Data extracted from a collection:
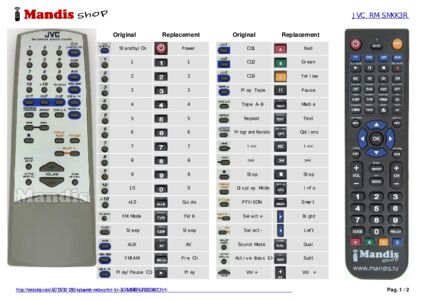 Below, we will show you the correspondence between each button on the original remote control and the button that performs the same function on the replacement remote control. In some cases, you may need to press the SHIFT key before pressing another button to perform certain actions. These additional functions are often not widely used and are included to facilitate understanding of the replacement remote control, or because the original remote control has more buttons than its equivalent.
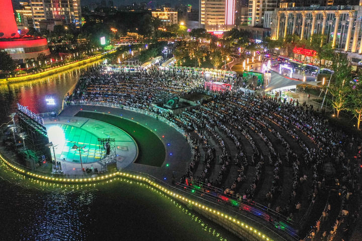 6月29日,市民、球迷在南通环西文化广场观看“苏超”第五轮南通队主场对阵宿迁队的比赛直播。新华社记者 李博 摄
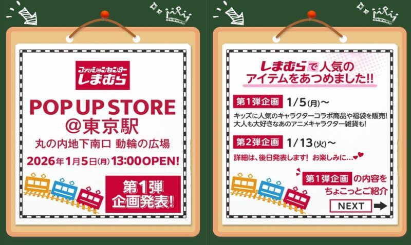 しまむらは、2026年1月5日(月)より、東京駅丸の内地下南口にて、ファッションセンターしまむら・ベビー・子供用品バースデイによる期間限定POP UP STOREを出店します。駅構内へのPOP UP STOREの出店は今回が初めてとなります。
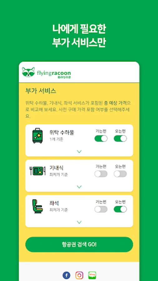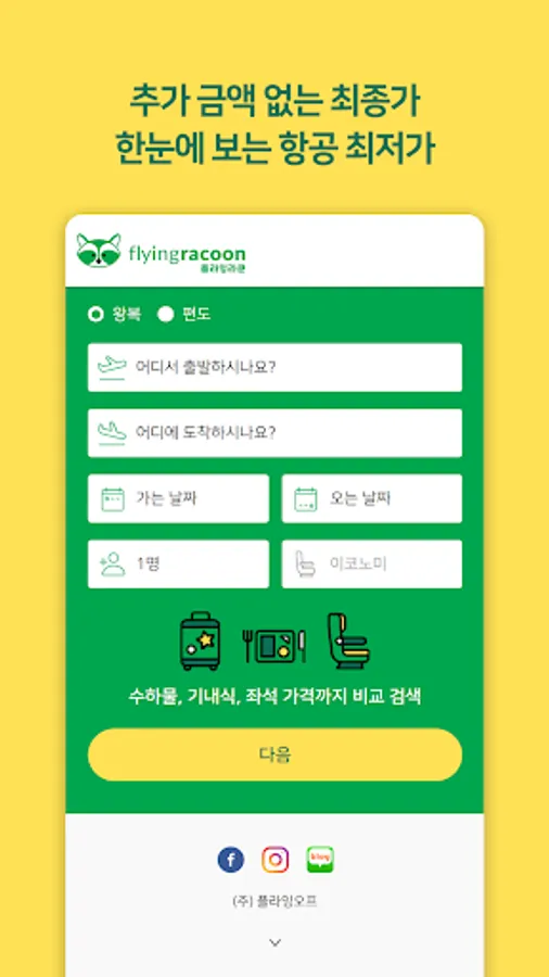 The smart Flying Raccoon that compares the final price of checked/extra baggage, in-flight meals, advance seat, pet check-in, and all tickets at the lowest price. Download now!
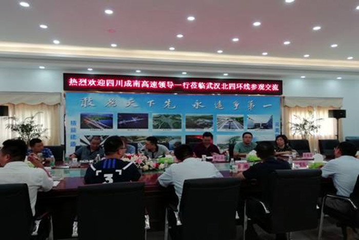 7月20日,四川成南高速公路有限責(zé)任公司總經(jīng)理蘇開春、副總經(jīng)理廖壯志一行八人來到武漢交投集團(tuán)北四環(huán)項目參觀交流。武漢交投集團(tuán)總工程師、北四環(huán)公司總經(jīng)理王愛民,交投集團(tuán)第五黨支部書記余皓陪同參觀。
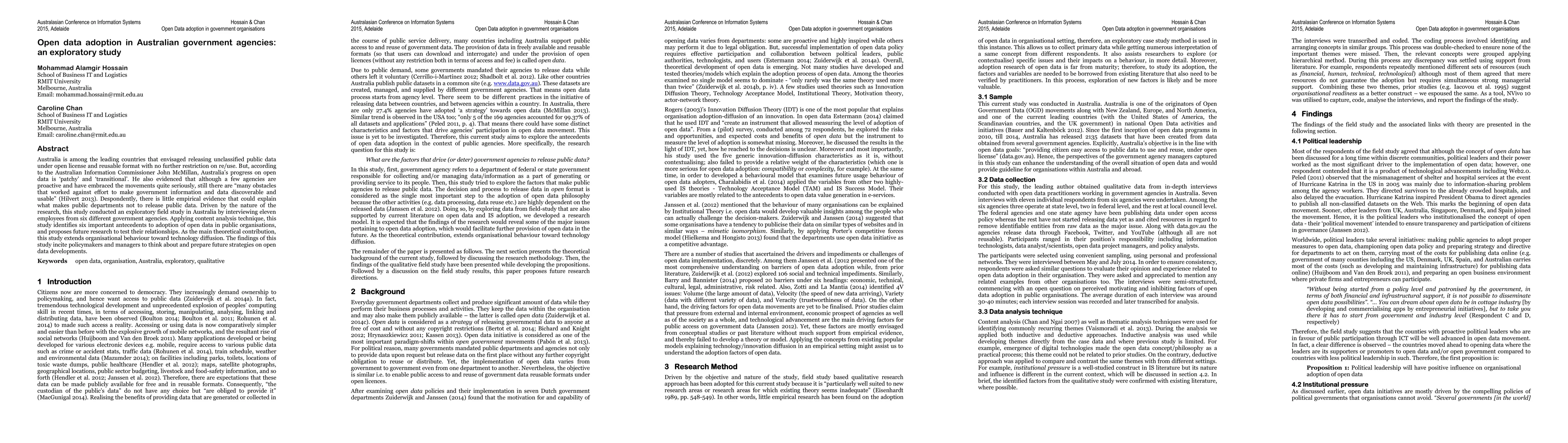 This study explores the adoption of open data in Australian government agencies, revealing six key antecedents through interviews with eleven employees from six agencies. The research highlights the need for future empirical studies to test these factors and extend organisational behaviour theory on technology diffusion.
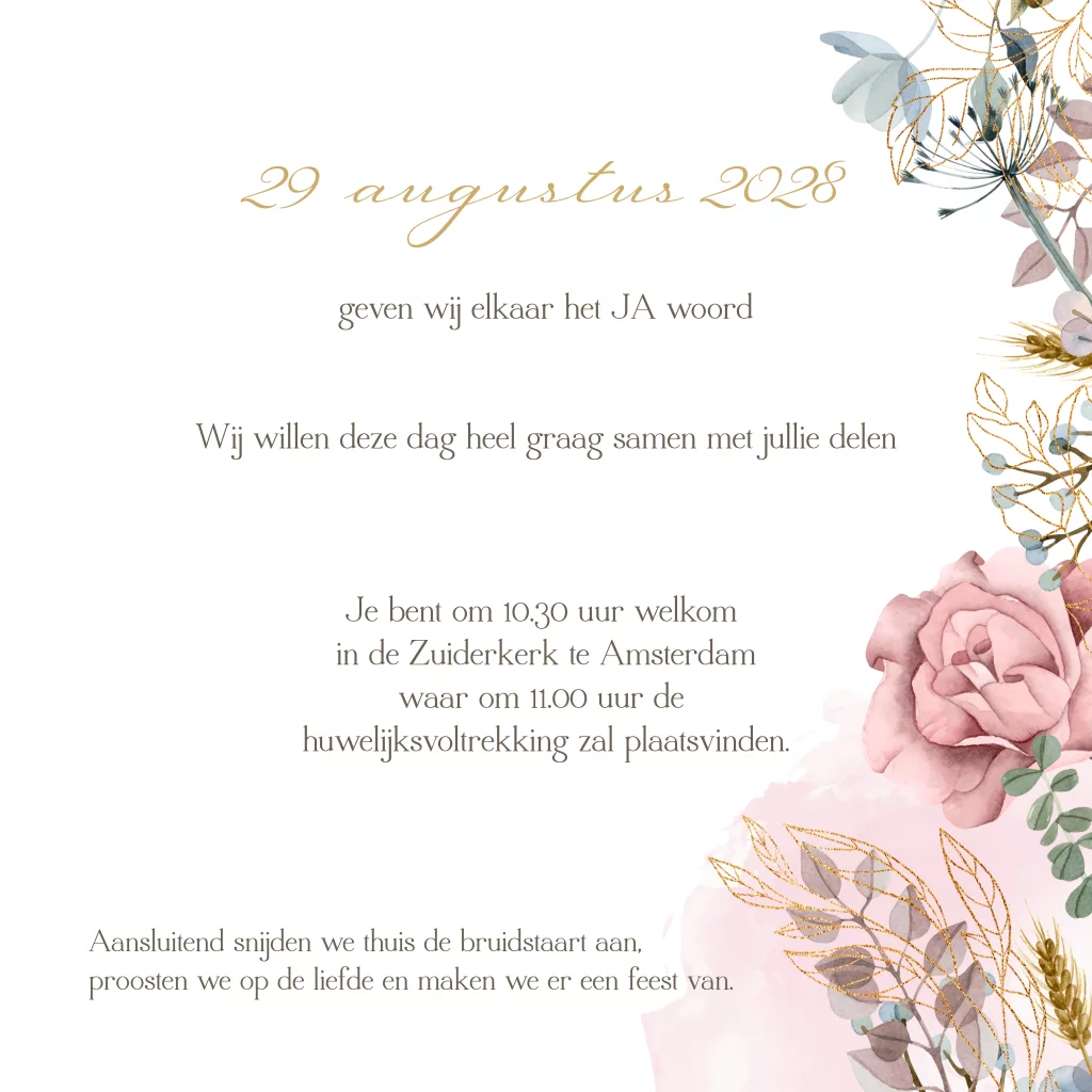 Trouwkaart bloemen met takjes in goudlook

**REQUIRED WORK**
From the line containing "STOREを出店します。駅構内へのPOP UP STOREの出店は今回が初めてとなります。" through the line containing "7月20日,四川成南高速公路", copy every line above exactly, without pictures.

**ANSWER SECTION**
 しまむらは、2026年1月5日(月)より、東京駅丸の内地下南口にて、ファッションセンターしまむら・ベビー・子供用品バースデイによる期間限定POP UP STOREを出店します。駅構内へのPOP UP STOREの出店は今回が初めてとなります。
 The smart Flying Raccoon that compares the final price of checked/extra baggage, in-flight meals, advance seat, pet check-in, and all tickets at the lowest price. Download now!
 7月20日,四川成南高速公路有限責(zé)任公司總經(jīng)理蘇開春、副總經(jīng)理廖壯志一行八人來到武漢交投集團(tuán)北四環(huán)項目參觀交流。武漢交投集團(tuán)總工程師、北四環(huán)公司總經(jīng)理王愛民,交投集團(tuán)第五黨支部書記余皓陪同參觀。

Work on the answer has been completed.